In contrast, the CO production rate gradually decreases over time. This decline is primarily attributed to the increase in local pH near the cathode. Continuous CO₂ reduction generates OH^- [Supplementary Equation 7], which raises the electrode interfacial alkalinity and shifts the equilibrium away from free CO₂ (toward carbonate/bicarbonate species). This shift makes CO₂ release more difficult, thereby reducing the availability of molecular CO₂ for electroreduction. In addition, prolonged operation may also induce catalyst surface changes and mass transport limitations, further contributing to the decrease in CO production rate.

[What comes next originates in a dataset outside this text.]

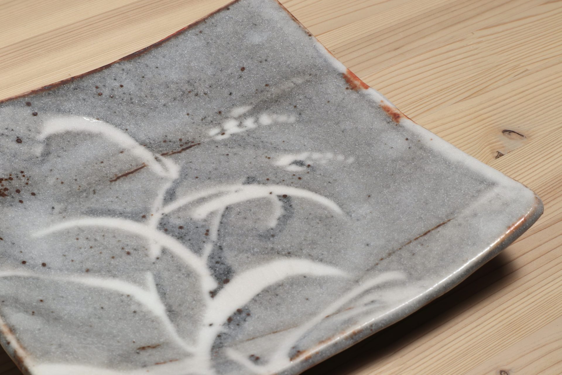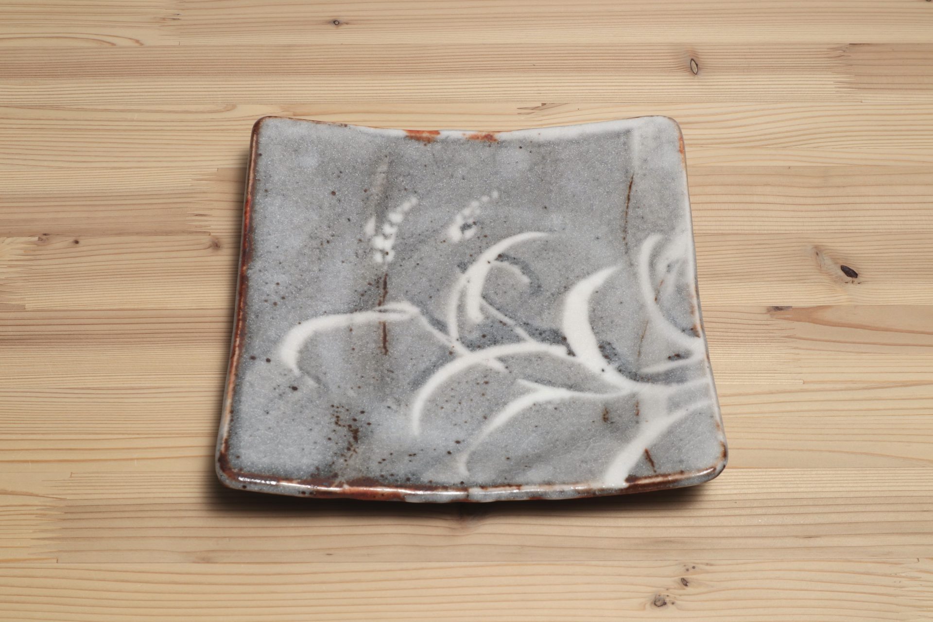 小栗正男さんの鼠志野四方皿です。

Notably, the CO₂ capture rate and CO production rate intersect at approximately 4.5 h [Supplementary Figure 19]. This crossover point represents a transient state where CO₂ supply and consumption are momentarily balanced. However, due to the direct reduction of H⁺ from BPM [Supplementary Equation 10], the generated OH^- from CO₂ reduction cannot be immediately neutralized [Supplementary Equation 9], which can capture additional CO₂. This indicates that the capture capacity of the catholyte has not yet been reached. As a result, the capture rate continues to rise beyond this point, while the CO production rate cannot be sustained due to the progressively unfavorable cathodic microenvironment. At a certain point (under the selected CO₂ capture and electrolysis conditions for ~12 h), the balance for CO₂ capture and electrolysis is reached.

These results demonstrate that the rate mismatch originates from the different temporal evolution of CO₂ capture in the bulk solution versus CO₂ conversion at the electrode. Importantly, this balance can be tuned by adjusting both CO₂ supply (inlet CO₂ concentration) and CO₂ utilization (electrolysis current density), enabling optimal conditions under which CO₂ capture efficiency and CO selectivity are simultaneously optimized.

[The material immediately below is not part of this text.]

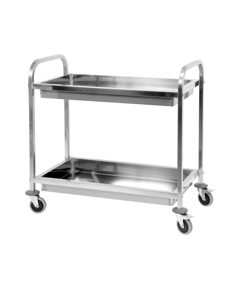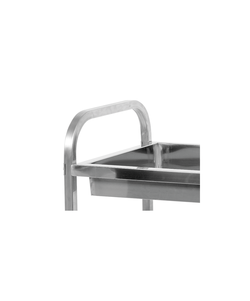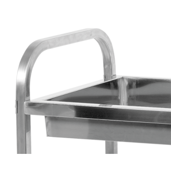 Die Konstruktion des Wagens basiert auf **hochwertigem Edelstahl des Typs 201**, was nicht nur eine außergewöhnliche Korrosionsbeständigkeit, sondern auch eine einfache Hygiene und einen langfristigen, problemlosen Einsatz gewährleistet – auch unter Außenbedingungen. Der Arbeitskomfort wird durch **schalldämmende Matten** erhöht, die unter jedem Regal platziert sind. Hergestellt aus speziellem Schaumstoff, dämpfen sie effektiv Vibrationen und Geräusche, die während des Transports entstehen, und gewährleisten einen leisen und reibungslosen Betrieb. Zwei geräumige **Regale, jedes mit den Maßen 820 x 430 mm und 90 mm Tiefe**, sind mit einem erhöhten Rand ausgestattet, der transportierte Produkte effektiv vor dem Abrutschen schützt. Zusätzlich wurden alle Kanten des Wagens sorgfältig abgerundet, was die Sicherheit des Personals im täglichen Betrieb erheblich erhöht.

Finally, the MEA-mediated concerted system is compared with both conventional sequential and recently reported carbonate-based concerted systems [Supplementary Table 1]. The comparison involves key metrics such as Faraday efficiency and partial current density for CO production, total current density, stability, CO₂ capture efficiency, and energy consumption (Details of the energy consumption calculation are provided in Supplementary Note 1). We note that the Faraday efficiency and partial current density for CO production of our MEA-mediated system are currently lower than those of conventional sequential systems, yet comparable to recently reported carbonate-based concerted systems. Notably, our system offers an advantage in overall energy consumption compared to the conventional sequential route, as it eliminates the need for energy-intensive upstream CO₂ desorption (e.g., thermal regeneration). Additionally, our system also exhibits a twofold higher CO₂ capture efficiency compared to carbonate-based concerted systems, because of the faster CO₂ absorption kinetics of amines. These results suggest that the MEA-mediated system enables effective CO₂ capture and utilization.

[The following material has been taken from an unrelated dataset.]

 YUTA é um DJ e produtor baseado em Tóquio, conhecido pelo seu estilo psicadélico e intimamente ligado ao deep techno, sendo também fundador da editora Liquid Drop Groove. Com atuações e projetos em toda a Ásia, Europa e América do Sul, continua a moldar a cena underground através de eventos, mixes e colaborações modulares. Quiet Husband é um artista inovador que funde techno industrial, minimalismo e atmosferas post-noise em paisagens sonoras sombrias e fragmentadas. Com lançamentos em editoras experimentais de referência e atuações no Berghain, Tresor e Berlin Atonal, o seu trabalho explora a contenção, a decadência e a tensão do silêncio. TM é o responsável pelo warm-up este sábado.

We have developed an MEA-based system for concerted CO₂ capture and electrochemical conversion by combining a simple CO₂ absorber with a liquid-fed electrolyzer. The CO₂-capturing MEA solution is directly utilized as the liquid feedstock for electrochemical conversion, enabling in situ CO₂ release and subsequent syngas production over a Ni single-atom catalyst. The system shows strong tolerance to oxygen and is feasible for concerted CO₂ capture and electrochemical conversion under flue gas conditions. Through optimization of current density, electrode hydrophobicity, and CO₂ concentration, we achieved a high CO₂ capture efficiency of 63% and efficiently produce syngas with H₂/CO = 3.2. This work demonstrates the feasibility of MEA-mediated concerted CO₂ capture-conversion for flue gas upgrading, while further optimizations in amine structure, catalyst stability, electrode design, and system operation are warranted for long-term applications.